____ RECORDS SUPPLIED

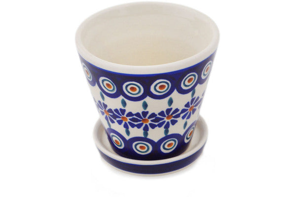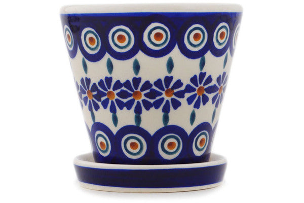 This Peacock 4" Planter was handmade and hand decorated in Boleslawiec, Poland by skilled artisans according to old traditional methods. This Polish stoneware is microwave, dishwasher, freezer, and oven safe up to 480°F. It does not contain lead or cadmium. It is part of the Peacock Collection.
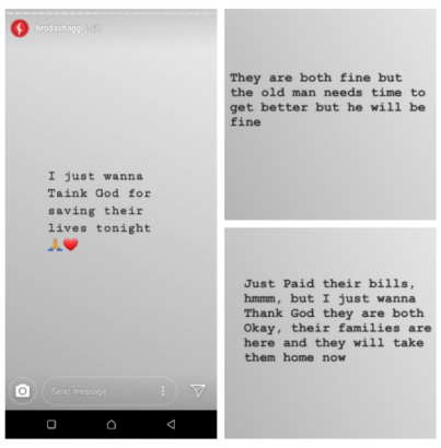 According to Broda Shaggi, he was scared at first to save the victims, but one of them, an old man was already loosing lot of blood, he had to take them both to a nearby hospital, to save their lives.
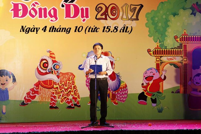Trước khi chính thức diễn ra các chương trình văn nghệ đặc sắc của ” Đêm Hội Trăng Rằm Đồng Dụ 2017”, ông: Phạm Văn Thiết- Phó chủ tịch UBND xã Đặng Cương lên phát biểu khai mạc. Trong bài phát biểu của mình, ông đã nhấn mạnh tầm quan trọng của Phật giáo đối với sự phát triển của xã hội bởi Phật giáo luôn đồng hành cùng Dân tộc. Việc Đại đức Thích Bản Hoan phối kết hợp với chính quyền địa phương tổ chức trung thu cho các cháu thiếu niên, nhi đồng trên toàn xã là một việc làm hết sức thiết thực và cần thiết, đưa các cháu thiếu niên nhi đồng đến gần hơn với những điều thiện lành, giáo dục cho các cháu về tình yêu quê hương Đất Nước thông qua các tiết mục văn nghệ mang đậm nét văn hóa dân gian của các miền quê Việt Nam.
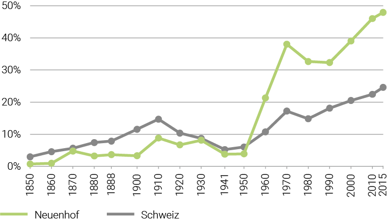 Diese Grafik zeigt die Entwicklung des Ausländeranteils in Neuenhof im Vergleich zum Ausländeranteil der Schweiz von 1850 bis 2015.
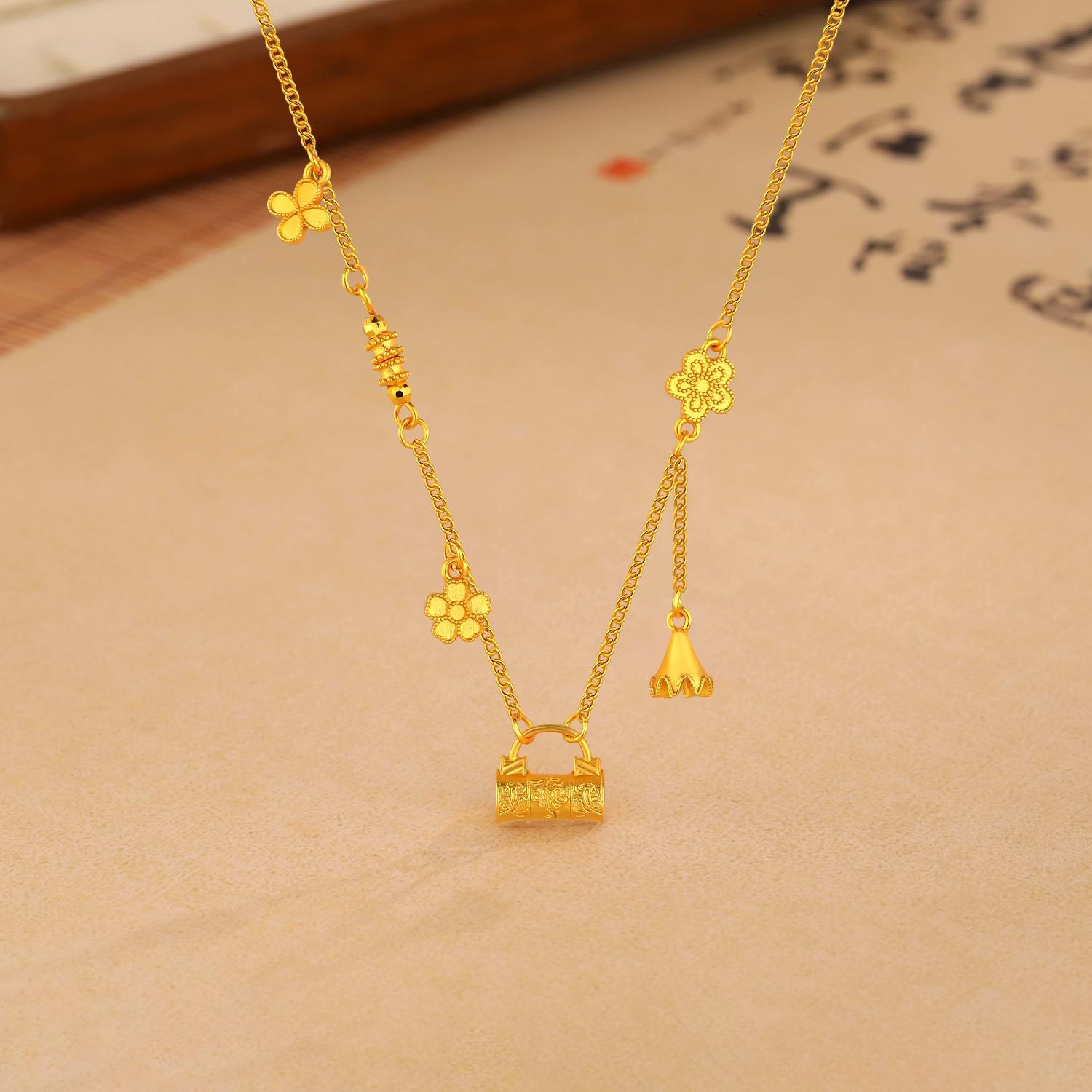 Filigold Flower Lock Bag Necklace Women's Fashion Elegant High-end Sense Four-leaf Clover Tassel Design 2024 New Clavicle Chain

________

> **REQUIRED ACTION**: If a line comes after the line with "According to Broda", it stays out; print exactly every line from the start of the entries up to and including that line, but no pictures.

> **TASK RESPONSE**:
 This Peacock 4" Planter was handmade and hand decorated in Boleslawiec, Poland by skilled artisans according to old traditional methods. This Polish stoneware is microwave, dishwasher, freezer, and oven safe up to 480°F. It does not contain lead or cadmium. It is part of the Peacock Collection.
 According to Broda Shaggi, he was scared at first to save the victims, but one of them, an old man was already loosing lot of blood, he had to take them both to a nearby hospital, to save their lives.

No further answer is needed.